◆ **YOUR GOAL**
Whatever pictures appear, omit them, and repeat the data below exactly.

◆ **STORED DATA**
:::::
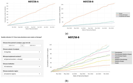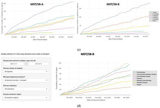 The Sarconnector® allows the interactive comparative visualization of the basic data with respect to a given time period, according to anatomic location, tumor biology or dignity of the tumor, and according to therapy, side by side for the respective MDT/SB (Figure 3a–d). The incidence of diagnosis or type of therapy is visualized over time to easily compare subgroups. Visualization of data is critically important to define subgroups for detailed analysis. Importantly, based on the selection of the subgroups to be defined for analysis, the system links the graphs with the respective raw data such that further detailed analysis can be carried out.
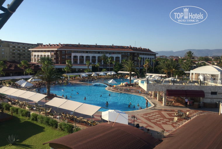 Только вернулись из Тюрана! Отдыхали с 6 по 16 июля - парой..Сразу хочу сказать,в Турции не первый раз,объездили её уже вдоль и поперек,я знаю,что такое и 3 звезды и много хороших 5 звездочных отелей! Но этот отель не соответствует ни 5 звездам,ни тех денег которые он стоит!!! 5 звезд можно отдать только территории-она действительно большая,красивая и ухоженная.Все остальное оставляет желать лучшего! Начну с самого начала,по приезду было много турков,так как это был праздник и отель был битком!Но простите,когда я делаю резервацию в своем тур агенстве Алида тур,они отсылают запрос на тот номер который мы проплачиваем! Мы по совету оператора выбрали номер в главном здании с видом на сад,вроде,как сказали,что зимой была реновация и номера там лучше и интернет везде ловит.Так вот:) Реновация состоит в том,что покрасили фасад зданий,а в остальном просто совок! Нашего номера не оказалось,все было занято..В замен нам предложили якобы номер получше,с 3 комнатами,обещали,что в нем лучше и комфортнее..Но...НЕТ ЖЕ! это был просто ужас,грязные стены,старая мебель с видом на улицу,где проезжая часть!И никакого интернета! Спустя 3 дня нам поменяли номер с видом на бассейн,но и в этом номере нет никакого ремонта и никакого вай фай!Больше похоже на дачный отдых...Наш номер был 1109...Второе самое отвратительное это еда...Через 2 дня вы поймете,что ничего нового вас не ждет, и вся эта похлебка напоминает какие то остатки от нормальной еды!Да,как пишут в остальных отзывах там действительно много еды,но есть ее невозможно!Она просто не вкусная в 90%! если мясо то либо сухое либо на вкус просто ужас..Котлеты из какого то фарша,которое мясом не назовешь..Салаты такое ощущение,что нарезали вчера,а поставили сегодня!Фруктов очень мало,дыня,арбуз,сливы,яблоки и испорченная черешня,приходилось стоять по пол часа и выбирать нормальные ягоды! Из сладкого можно есть только восточные сладости,все торты и пирожные фу! По поводу анимации,она есть...но они,как правило проводят зарядку и играют в волейбол- на этом все...Вечерние шоу ни о чем! Для маленьких детей может быть,но никак не для взрослых..Фотографы- 7 евро стоит одна фото,на обещания сделать скидку и записать вам диск не ведитесь! в цифровом формате вам отдадут фотки только если вы возьмете фоток на 150 евро минимум! В остальном,детей маленьких много,отель для тихого спокойного отдыха,неплохой аква парк,мини зоопарк и парк атракционов..Для маленьких детей отлично! На пляже работает спасатель Мурат-очень отзывчивый,добрый и порядочный.Всегда поможет и подскажет,как лучше..Даже чай нам приносил на пляж и воду:) Обязательно сьездийте в магазин кожи и мехов,их магазин находится на территории отеля-цены шикарные,торгуйтесь до последнего:) Рядом есть хороший базарчик,там можно купить и майки и рубашки и кошельки кожанные,все хорошего качества за копейки;) И еще..пока едете в отель не берите у гида никаких экскурсий,на территории отеля цены в 2 ,а то и в 3 раза дешевле;)
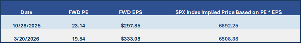 Compare That to October when the Forward PE was over 23 and Forward EPS was lower but doing the math of PE * EPS, the S&P 500 Index was higher.
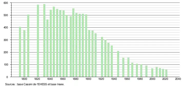L'évolution du nombre d'habitants est connue à travers les recensements de la population effectués dans la commune depuis 1793. Pour les communes de moins de 10 000 habitants, une enquête de recensement portant sur toute la population est réalisée tous les cinq ans, les populations légales des années intermédiaires étant quant à elles estimées par interpolation ou extrapolation[18]. Pour la commune, le premier recensement exhaustif entrant dans le cadre du nouveau dispositif a été réalisé en 2006[19].
:::::
◆ **WRITTEN RESPONSE**
 The Sarconnector® allows the interactive comparative visualization of the basic data with respect to a given time period, according to anatomic location, tumor biology or dignity of the tumor, and according to therapy, side by side for the respective MDT/SB (Figure 3a–d). The incidence of diagnosis or type of therapy is visualized over time to easily compare subgroups. Visualization of data is critically important to define subgroups for detailed analysis. Importantly, based on the selection of the subgroups to be defined for analysis, the system links the graphs with the respective raw data such that further detailed analysis can be carried out.
 Только вернулись из Тюрана! Отдыхали с 6 по 16 июля - парой..Сразу хочу сказать,в Турции не первый раз,объездили её уже вдоль и поперек,я знаю,что такое и 3 звезды и много хороших 5 звездочных отелей! Но этот отель не соответствует ни 5 звездам,ни тех денег которые он стоит!!! 5 звезд можно отдать только территории-она действительно большая,красивая и ухоженная.Все остальное оставляет желать лучшего! Начну с самого начала,по приезду было много турков,так как это был праздник и отель был битком!Но простите,когда я делаю резервацию в своем тур агенстве Алида тур,они отсылают запрос на тот номер который мы проплачиваем! Мы по совету оператора выбрали номер в главном здании с видом на сад,вроде,как сказали,что зимой была реновация и номера там лучше и интернет везде ловит.Так вот:) Реновация состоит в том,что покрасили фасад зданий,а в остальном просто совок! Нашего номера не оказалось,все было занято..В замен нам предложили якобы номер получше,с 3 комнатами,обещали,что в нем лучше и комфортнее..Но...НЕТ ЖЕ! это был просто ужас,грязные стены,старая мебель с видом на улицу,где проезжая часть!И никакого интернета! Спустя 3 дня нам поменяли номер с видом на бассейн,но и в этом номере нет никакого ремонта и никакого вай фай!Больше похоже на дачный отдых...Наш номер был 1109...Второе самое отвратительное это еда...Через 2 дня вы поймете,что ничего нового вас не ждет, и вся эта похлебка напоминает какие то остатки от нормальной еды!Да,как пишут в остальных отзывах там действительно много еды,но есть ее невозможно!Она просто не вкусная в 90%! если мясо то либо сухое либо на вкус просто ужас..Котлеты из какого то фарша,которое мясом не назовешь..Салаты такое ощущение,что нарезали вчера,а поставили сегодня!Фруктов очень мало,дыня,арбуз,сливы,яблоки и испорченная черешня,приходилось стоять по пол часа и выбирать нормальные ягоды! Из сладкого можно есть только восточные сладости,все торты и пирожные фу! По поводу анимации,она есть...но они,как правило проводят зарядку и играют в волейбол- на этом все...Вечерние шоу ни о чем! Для маленьких детей может быть,но никак не для взрослых..Фотографы- 7 евро стоит одна фото,на обещания сделать скидку и записать вам диск не ведитесь! в цифровом формате вам отдадут фотки только если вы возьмете фоток на 150 евро минимум! В остальном,детей маленьких много,отель для тихого спокойного отдыха,неплохой аква парк,мини зоопарк и парк атракционов..Для маленьких детей отлично! На пляже работает спасатель Мурат-очень отзывчивый,добрый и порядочный.Всегда поможет и подскажет,как лучше..Даже чай нам приносил на пляж и воду:) Обязательно сьездийте в магазин кожи и мехов,их магазин находится на территории отеля-цены шикарные,торгуйтесь до последнего:) Рядом есть хороший базарчик,там можно купить и майки и рубашки и кошельки кожанные,все хорошего качества за копейки;) И еще..пока едете в отель не берите у гида никаких экскурсий,на территории отеля цены в 2 ,а то и в 3 раза дешевле;)
 Compare That to October when the Forward PE was over 23 and Forward EPS was lower but doing the math of PE * EPS, the S&P 500 Index was higher.
L'évolution du nombre d'habitants est connue à travers les recensements de la population effectués dans la commune depuis 1793. Pour les communes de moins de 10 000 habitants, une enquête de recensement portant sur toute la population est réalisée tous les cinq ans, les populations légales des années intermédiaires étant quant à elles estimées par interpolation ou extrapolation[18]. Pour la commune, le premier recensement exhaustif entrant dans le cadre du nouveau dispositif a été réalisé en 2006[19].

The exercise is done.